Photo: Mark Wahlberg and Christian Bale in “The Fighter.” Credit: Paramount.

Tuesday November 9th, 2010


  • The Hollywood Reporter: Eriq Gardner reports that Sony Pictures Classics has been cleared to release its animated feature “The Illusionist” after a federal judge denied a restraining order request by Illusionist Distribution, LLC (the rights-holder of a 2006 live-action film of the same name that starred Edward Norton) that had sought to block the release of the new film because it “infringed on its trademark and would cause substantial consumer confusion.” Judge Dolly M. Gee called the claim “weak,” noting that “a wide variety of consumer products employ the term ‘illusionist,’ including another 1983 film, 14 books published since 1952, and thousands of magicians who perform under that description.”
  • Gold Derby: Tom O’Neil pens a letter to “The Kids Are All Right” star Julianne Moore, forcefully telling the four-time Oscar nominee that she should “immediately quit the best actress race and campaign in supporting” in order to boost the prospects of her co-star Annette Bening, who Tom would leave in lead, and of Moore, who only a few prospects (Dave Karger, Guy Lodge, and our own Scott Feinberg) believe can snag a nod if she remains where she is.
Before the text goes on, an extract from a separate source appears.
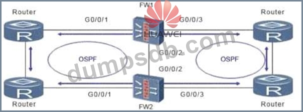 As shown in the figure, the firewall is dual-system hot standby. In this networking environment, all service interfaces of the firewall work in routing mode, and OSPF is configured on the upper and lower routers.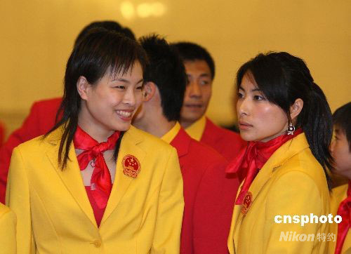 8月26日,2008年北京奧運會中國體育代表團總結大會在北京人民大會堂金色大廳舉行。郭晶晶、吳敏霞出席北京奧運會中國體育代表團總結大會。中新社發 廖文靜 攝

Though Tom’s tone is a bit inappropriate, he does raise some interesting parallels (between the women from “The Kids” and from the 1950 film “All About Eve”) and offers a reminder that Moore has committed similar category “fraud” before (when she competed in the supporting category, rather than lead, in 2002 for “The Hours”).
  • The Hollywood Reporter: Philiana Ng reports that Jake Gyllenhaal had no idea that Jill Clayburgh — who portrays his character’s mother in “Love and Other Drugs,” and who died on Friday following a decades-long battle with leukemia — was ill when they shot the film together during the fall of 2009. He told reporters, “I think part of her sickness is what made her live her life, and really cherish the moments she had, and cherish the people she was with… and she did when she was with us, cherish those moments, and they made us all love her.”
  • Speakeasy: Michelle Kung notes that on the last night of the 25th Israel Film Festival in Los Angeles, attendees of a panel discussion about Shlomi Eldar’s acclaimed doc “Precious Life” — which revolves around “a series of intense discussions that highlight the many complex political and religious issues facing the modern Middle East” — were treated to a “pleasant surprise” when “the subjects of the film [were] video-conferenced in from Gaza” to participate in the talk and provide an update on their lives since Eldar stopped filming them.
  • In Contention: Guy Lodge believes “Brits can be forgiven for feeling quite bolshy” about this year’s Oscar race, naming at least three contenders that were shot — and are set — across the pond and will probably be in contention in several categories: the 1940s period piece “The King’s Speech,” the sixties-set crowd pleaser “Made in Dagenham,” and the stark present-day drama “Another Year.”
  • Awards Tracker: Nicole Sperling contemplates the Oscar prospects of Tyler Perry’s “For Colored Girls,” which opened last weekend to scathing reviews but big ticket sales, which “could end up helping its award chances.” Though the general public has flocked to the film, Sperling believes that “Lionsgate’s toughest act will be getting Academy members to see the bleak drama.”
  • In Contention: Kris Tapley believes that “I See the Light” — the Alan Menken-written theme song for Disney’s newest animated feature “Tangled” that is performed on the film’s soundtrack by pop singers Zachary Levi and Mandy Moore — represents the film’s “strongest play at a nomination.” He notes that “Disney always does well in the best original song category,” especially when the songs trace back to Menken, who has racked up 18 nods and 8 wins in the category over the years, and who Tapley believes will “get at least one nod, [or] maybe a couple” for his tunes in the film.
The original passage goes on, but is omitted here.